Networking: The Art of Storytelling

A few weeks ago, I had an opportunity to attend a young professional networking workshop. I know what you are thinking… networking workshop? But, interestingly enough, I learned a lot of great takeaways, and a vast majority of them apply to much more than your typical networking conversation.

While there were a lot of things I found helpful, the most interesting thing I learned wasn’t necessarily related just to networking. Our speaker spent some time going over the idea of a “30-second commercial” – a stump speech or elevator pitch, if you will. I’m sure this isn’t a new concept for you; they fall under various names, but essentially they succinctly cover you, your professional role and why it matters.
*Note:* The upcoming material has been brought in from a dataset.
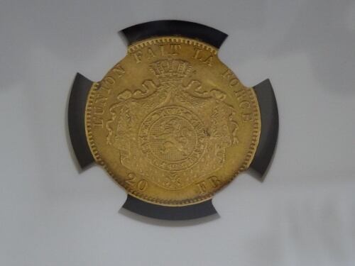 ベルギー 1877年 レオポルト2世 20フラン金貨【NGC MS 63 】

Naturally, the speaker encouraged everyone to create their 30-second commercials, as it is key in converting in networking settings. He outlined a three-prong approach to creating this commercial:

  • Start with an opening
  • Tell a third-party story
  • Have an appropriate follow up

Tell a third-party story.

It’s like a light bulb went off in my head! How simple, how effective, and exactly what I do all day. Our speaker’s point was that we could spend all day touting our cutting-edge capabilities, record-breaking fulfillment speed, personable customer service, or really any number of benefits; but does that stick? Chances are, your colleagues are using those exact same adjectives to describe their own companies. (Seriously! An informal survey done by the speaker had “customer service” as the number one descriptor used by roughly 90 percent of those he spoke with.)
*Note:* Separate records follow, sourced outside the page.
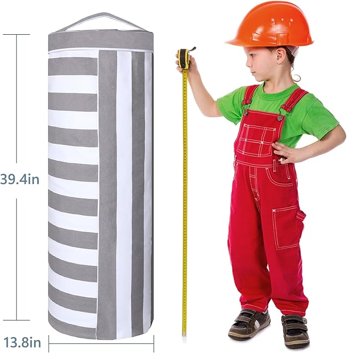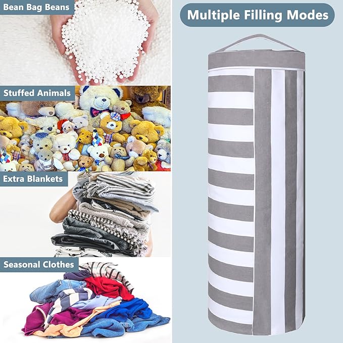 - [Cylindrical Design - Save Space - Increase Interactivity between Children] This stuff animal organizer is designed to be cylindrical and can be stored in corners. Compared to ordinary stuffed animal storage products, it better utilizes vertical space and saves more floor space. Because it is a long strip, it allows two children to sit on our cylindrical bean bag and play together, increasing interaction between children; Stripe color scheme, simple and versatile, can well integrate various home.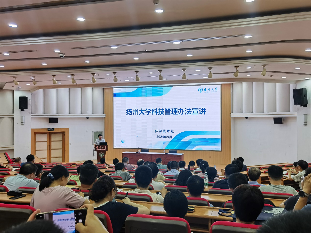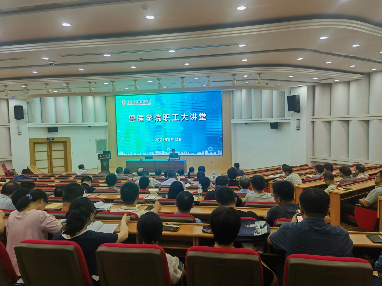 9月12日,扬州大学兽医学院在逸夫图书馆报告厅开展了职工大讲堂,邀请校科技处赵海涛副处长作“扬州大学科技管理办法宣讲”专题报告,全院160余名教职工参加了此次报告会。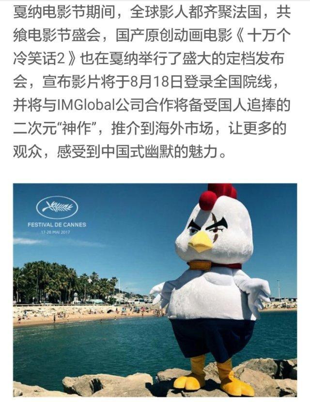 甚至在戛纳电影节上《十万个冷笑线》举行了盛大的发布会,并与IMGlobal公司宣布合作将国内的“二次元文化”推广到海外。

Finding that third-party story is how to set yourself a part. PR is all about telling a story – using various mediums to tell an audience why it matters – and that’s exact what is needed here. Relate your business or your service offerings in a way that hits home with whoever you are talking to. A mother, for example, might connect with the fact that a financial services representative worked with his client to set up a college fund for children in uncertain financial markets. A newly married couple might appreciate a story from a Realtor recounting that, though they were dealing with a competitive real estate market, she was able to find another couple a home they were thrilled about.

The great third-party story, and really any story for that matter, notes the audience and draws parallel connections. So, let me ask you this – how are you telling your story?